Well we go back: "I make known unto you the gospel" [1 Corinthians 15:1].  And the title of my sermon tonight is This Is the Gospel – the good news, the glad tidings.

And there are, there are three things – I do not follow them tonight, but just to give you a preview of the chapter – there are three things that he says comprise the gospel.  First, the atoning death of our Savior:  He "died for our sins according to the Scriptures" [1 Corinthians 15:3].  Second, the glorious resurrection of our redeeming, living Lord: "And the third day He arose again according to the Scriptures" [1 Corinthians 15:4].  And then the third thing – His incomparable, blessed return which is over in the rest of the chapter. "I show you a mystery: We’ll not all sleep, but we’ll all be changed –

in a moment, in the twinkling of an eye, at the last trump.  For the trumpet shall sound" [1 Corinthians 15:51-52], and as Paul says elsewhere, "the Lord shall descend," [1 Thessalonians 4:16], "and we’ll all be changed" [1 Thessalonians 15:52].  My soul, who wouldn’t say that a chapter like that was the glory of God Himself? 

Now this thing: "Brethren, I declare, I make known unto you the gospel" [1 Corinthians 15:1] – that’s what you see in the ordinance of baptism, and that’s what the ordinance of baptism signifies.  That’s what it means.  Any other thing than that is an invention.  Somebody thought it up, and you can give it any meaning that somebody might want to give it meaning to.  You can change it, but that is the real thing.  That’s the ordinance of God, and it has a meaning.  Both of these ordinances have a tremendous meaning. 

The ordinance of the Lord’s Supper has a meaning, a significance.  This is bread broken that represents His body [Luke 22:19; 1 Corinthians 11:23-24].  This is the fruit of the vine, the fruit of the cup, that represents His blood [Luke 22:20; 1 Corinthians 11:25].  And we’re to do that until He comes [1 Corinthians 11:26]. 

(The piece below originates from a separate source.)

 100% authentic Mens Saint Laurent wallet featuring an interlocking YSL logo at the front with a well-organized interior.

This also has a tremendous significance for in baptism we are buried with the Lord in the likeness of His death and we are raised from the watery grave in the likeness of His resurrection [Romans 6:3-4], and that is the gospel.  Well, that’s what Paul said it is [1 Corinthians 15:1-2]: He was buried for us – He was – He died for our sins [1 Corinthians 15:3-4].  He was buried, and He rose again for our justification [1 Corinthians 15:4], and he says that is the gospel [1 Corinthians 15:1].

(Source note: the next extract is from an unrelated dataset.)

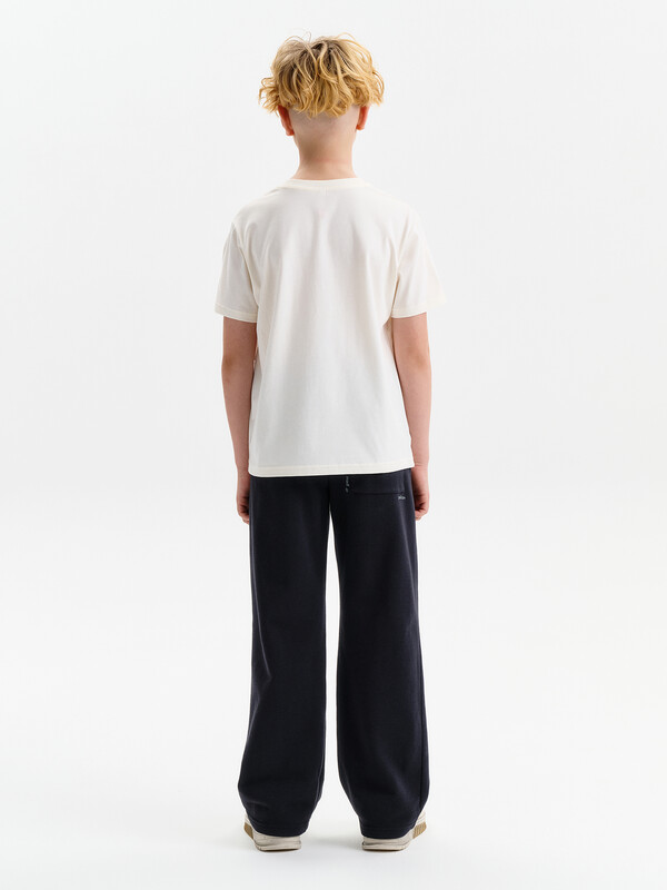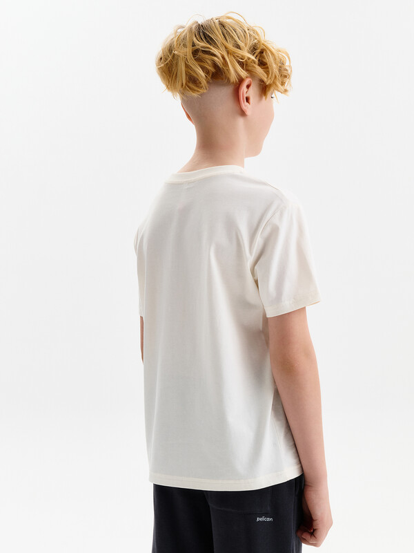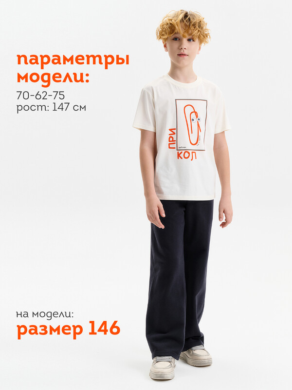 Футболка для мальчика прямого кроя умеренного объема. Уменьшена длина по сравнению с футболками Осень 25. Вырез горловины обработан эластичной рибаной — она прекрасно держит форму, не растягивается, при этом ребёнку удобно надевать и снимать футболку. Футболка с принтом и надписями.

When a man stands up in a pulpit and he preaches, and you say, "That man preaches the gospel," what do you mean?  Why, we mean that man preaches Jesus died for our sins and was raised for our justification.  That’s what you say in the baptistery.  That’s the symbol of baptism.

When you send out a missionary to China and you send him over there to preach the gospel, what does he preach?  That’s what he preaches: that Christ died for our sins, and He was raised for our justification.  And that is the thing you see in the baptistery.  That’s the meaning of baptism.  The significance of baptism lies in its mode.  You change the mode, it has no meaning.  Baptism is a burial with Christ and a resurrection with Christ which Paul says is the gospel.  So that initial ordinance is a picture of the saving grace of God in Christ Jesus.

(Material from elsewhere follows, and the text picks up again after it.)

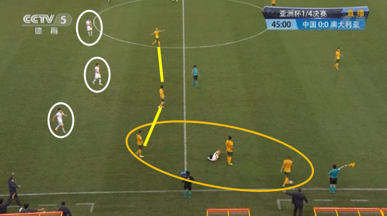 图18武磊失去控球权解析:虽然这个球最终判给了中国队界外球,但武磊在倒地的区域深陷对方的三人合围。同时,澳大利亚队的中场已经回防并组织好防守屏障,而中国队的三名中场队员则没有一个人能对武磊形成支援。

Now Paul says, "I never invented that."  He says, "For I delivered unto you first of all that which also I received" [1 Corinthians 15:1].  Paul is not an originator.  He’s not an inventor.  He’s a deliverer.  He’s like John the Baptist.  He’s a voice crying the message of God [Mark 1:1-4; John 1:19-23].

That’s what any true preacher is.  He’s not up there in the pulpit telling ingenious things that he has devised.  A true preacher of Christ is a fellow that holds that Book in his hand, and he tells the people what God has to say in the Book and that’s all.  That’s it.  And what he has to say doesn’t matter.  And what Rabbi Smellfindus has to say, that doesn’t matter.  And what old Dryas Dust teachin’ there in the school, now that doesn’t matter either.  And what old Dr. Soundingbrass says, that doesn’t matter either.  The only thing that matters is, "What does God say?" A man is to be a deliverer of a message and not an originator or an inventor! [Deuteronomy 4:2; 2 Corinthians 5:20; Galatians 1:8; Revelation 22:18-19]  Well, that’s what the Book says.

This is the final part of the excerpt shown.